Since 0.8a, AI has become much more cowardly, and it did not get much better in 0.9a. Modern AI is still much more cowardly than in 0.7.x releases and before. It will stall until heat (or CR) death if given the chance. In worst case scenario (like lone starter Apogee), player may need to waste much time cornering the enemy before being able to kill it. This is different that earlier releases when AI will charge to its death at your ship(s).
Map size. The problem with smaller map size is you cannot deploy as much, and the player's side spends more time chasing cowards (and forcing his AI cowards to likewise close in for the kill) and kill them before new ones get deployed in a trickle. Low map size makes fights take longer, probably long enough to run out of PPT. If player's fleet will run out of PPT, then his ships need to retreat or be stuck. (If both sides are stuck dead in space, you stalemate in an infinite battle, and you lose by being forced to reload to end the battle.) Multi-round combat encourages player to camp at his edge of the map so he can retreat as soon as PPT runs out. Due to time reasons, bigger map sizes are better because fights finish faster. PPT was set mostly during the 0.6x days, but fleets and fights have grown bigger (ten capitals today instead of three before), tougher, and weaker (offensive skills weakened more than defensive skills since 0.8a), and AI is more cowardly since 0.8a (wasting more time).

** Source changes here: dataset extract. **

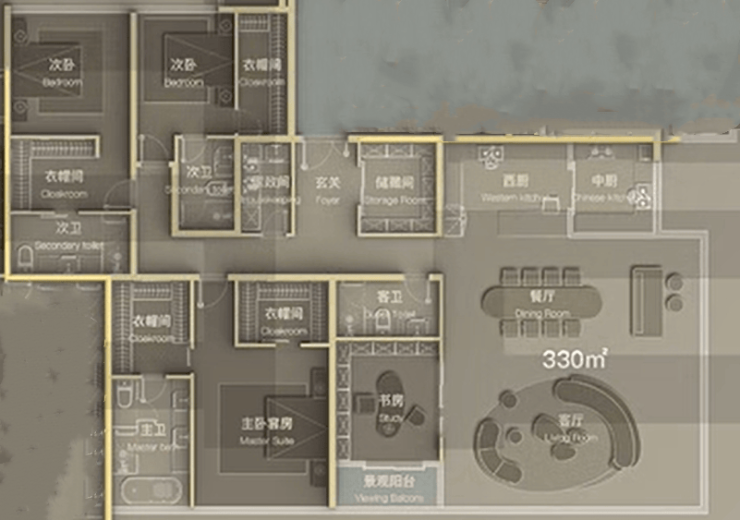 建面约330㎡四室两厅四卫

What can frigates do late game? Aside from few specialist ones like Afflictor, just die, either by being outgunned or simply running out of PPT. Frigates' golden age was 0.6.5a, where a horde of them led by Hyperion could fight anything, recover quickly, and tour around core worlds much faster than any other fleet. Of course, food runs from Tartaress to Askonia with about fifteen Atlas led by Hyperion was still the XP and cash cow of the release.
But their CR drains as well, so if that's to be the deciding factor, then the outcome is predetermined based on whose ship has a higher PPT and more CR. Might as well not have a fight at all in that case and just announce the result to the player.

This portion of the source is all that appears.